● Input material
········
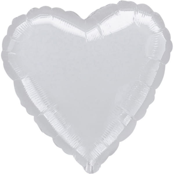 Balon w kształcie serca w kolorze srebrnym metallic, rozmiar 43 centymetry.
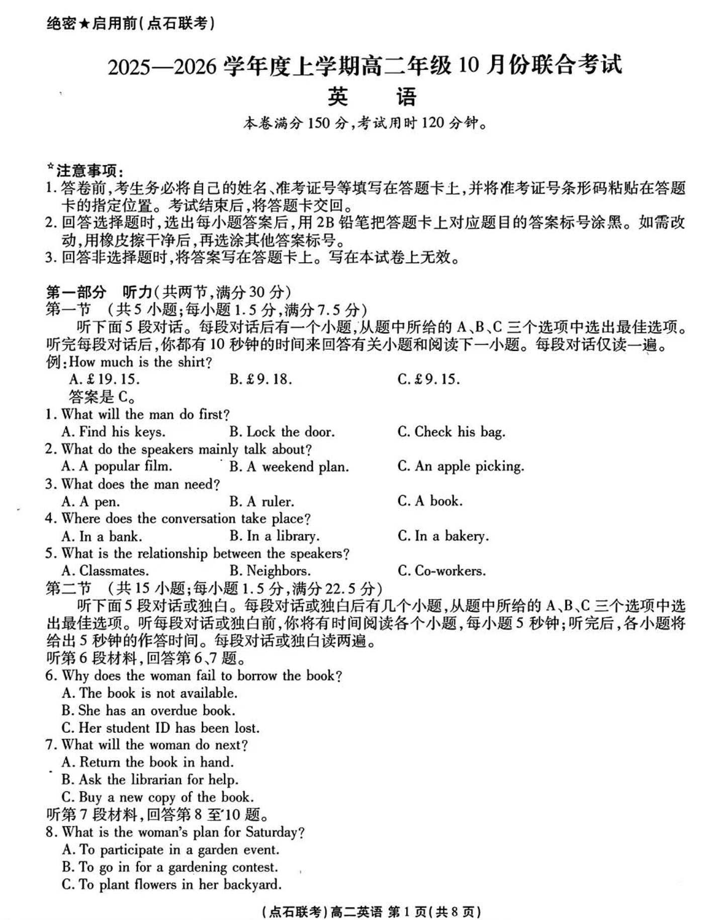 辽宁省点石联考2025-2026学年上学期高二年级10月份联合考试 英语.pdf
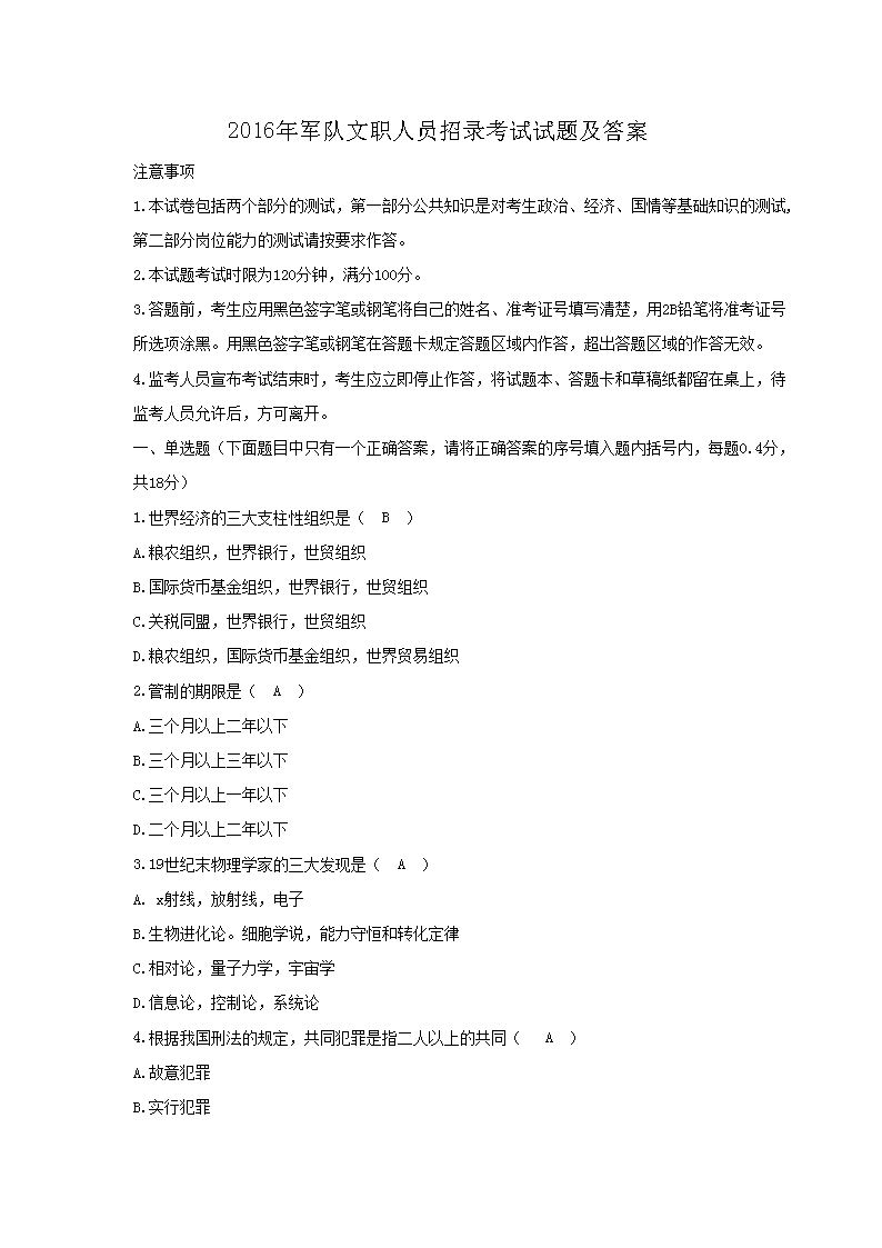 【文档名称】 2016年军队文职人员招录考试试题及答案(Word版).doc
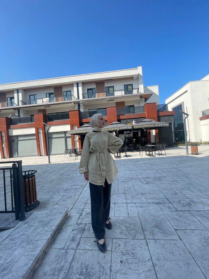 Kadınlar için, kesik yaka ve uzun kolludur. Müslim kumaştan üretilmiş, rahat kesimi ve desensiz tasarımıyla zahmetsiz şıklık sunar. Günlük sokak stilidir.
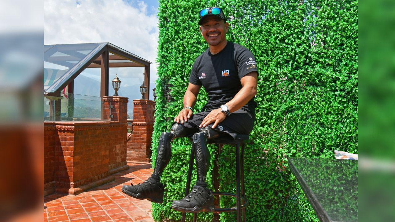Il expérimente le parachutisme, le kayak et le ski. "Cela m'a ouvert l'esprit et j'ai tout essayé", dit-il. Bientôt, il pourrait devenir le premier amputé au-dessus des genoux à se hisser sur "le Toit du monde" à 8.849 mètres.
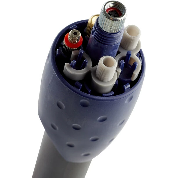 Zefals Max Luftpumpe ist ein wahres Multitalent. Mit dieser Pumpe kann man nicht nur sein Fahrrad aufpumpen, sondern im Inneren des Griffes findet man noch weitere Aufsätze wie z.B. eine Ballnadel oder ein Ventil für Luftmatratzen.
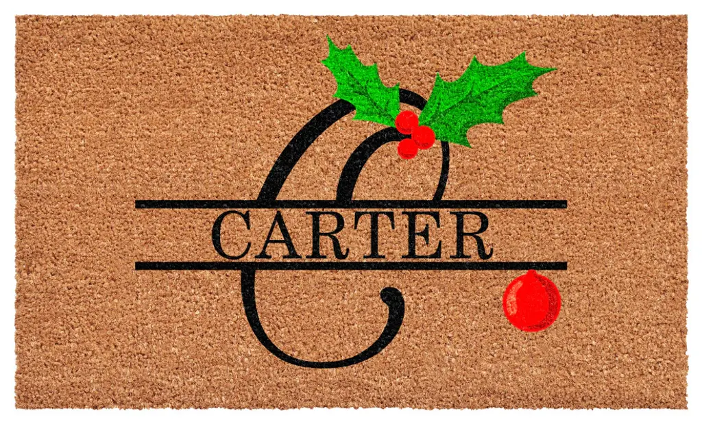 Calloway Mills Personalized Christmas Holly Doormat, 24"x36"x0.60", Letter C
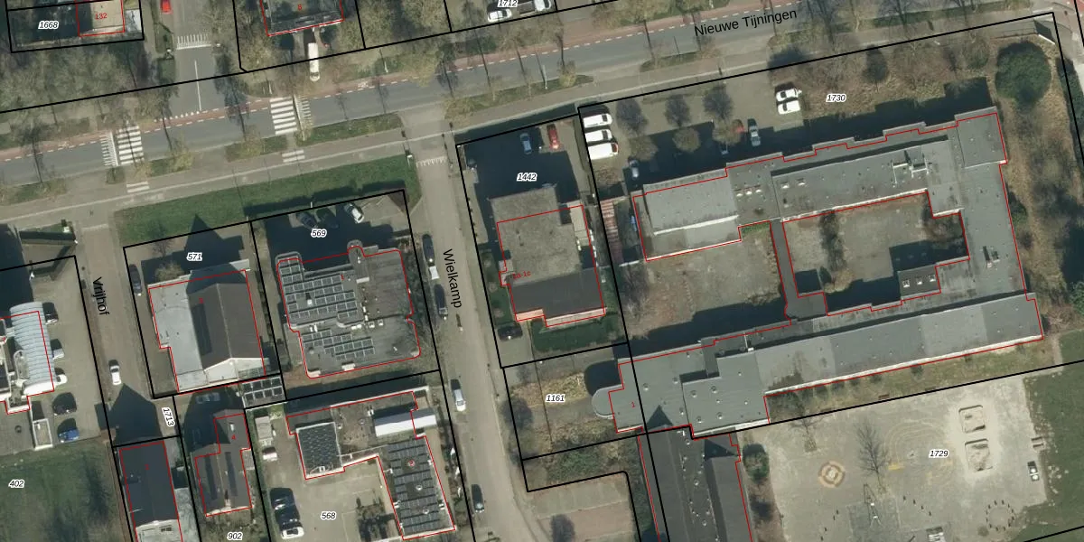 Het perceel waarop Wielkamp 1-f staat heeft een oppervlakte van 981 m². Dit is een groot perceel. De perceeloppervlakte wordt geregistreerd door het Kadaster. Gedetailleerde informatie over de maten van dit perceel kunt u vinden in het rapport Kadastrale kaart met maatvoering van Wielkamp 1-f.
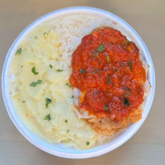 Frango Parmegiana & Purê + R$ 18,99 Leve Outra Marmitex
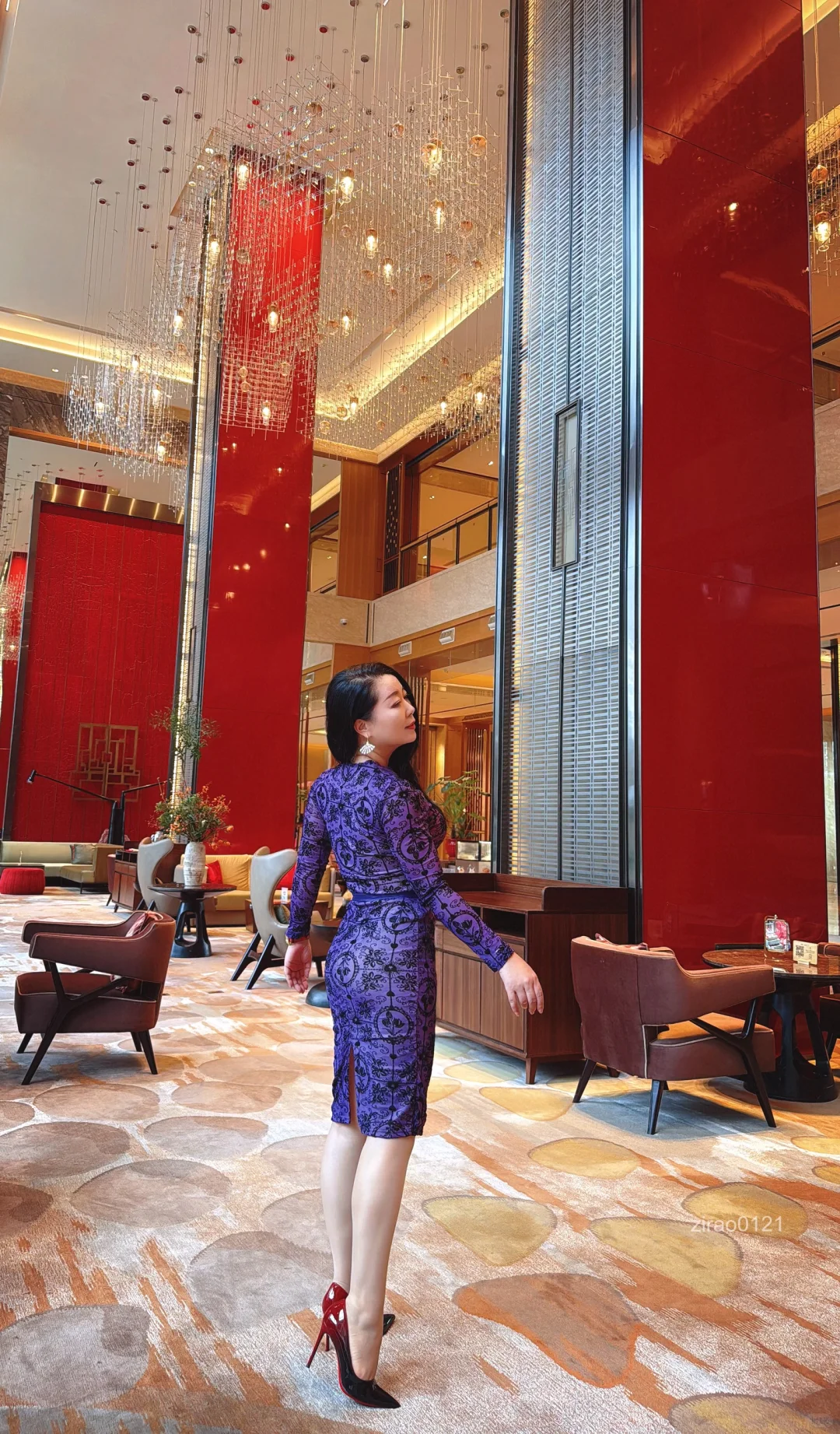 这条紫裙,我初见觉得有点繁复,不够优雅……不过拍出来还挺好看呢,还得是紫色啊
········
● What is required
The records above should be copied word for word, with the pictures left out.

● Answer section
 Balon w kształcie serca w kolorze srebrnym metallic, rozmiar 43 centymetry.
 辽宁省点石联考2025-2026学年上学期高二年级10月份联合考试 英语.pdf
 【文档名称】 2016年军队文职人员招录考试试题及答案(Word版).doc
 Kadınlar için, kesik yaka ve uzun kolludur. Müslim kumaştan üretilmiş, rahat kesimi ve desensiz tasarımıyla zahmetsiz şıklık sunar. Günlük sokak stilidir.
Il expérimente le parachutisme, le kayak et le ski. "Cela m'a ouvert l'esprit et j'ai tout essayé", dit-il. Bientôt, il pourrait devenir le premier amputé au-dessus des genoux à se hisser sur "le Toit du monde" à 8.849 mètres.
 Zefals Max Luftpumpe ist ein wahres Multitalent. Mit dieser Pumpe kann man nicht nur sein Fahrrad aufpumpen, sondern im Inneren des Griffes findet man noch weitere Aufsätze wie z.B. eine Ballnadel oder ein Ventil für Luftmatratzen.
 Calloway Mills Personalized Christmas Holly Doormat, 24"x36"x0.60", Letter C
 Het perceel waarop Wielkamp 1-f staat heeft een oppervlakte van 981 m². Dit is een groot perceel. De perceeloppervlakte wordt geregistreerd door het Kadaster. Gedetailleerde informatie over de maten van dit perceel kunt u vinden in het rapport Kadastrale kaart met maatvoering van Wielkamp 1-f.
 Frango Parmegiana & Purê + R$ 18,99 Leve Outra Marmitex
 这条紫裙,我初见觉得有点繁复,不够优雅……不过拍出来还挺好看呢,还得是紫色啊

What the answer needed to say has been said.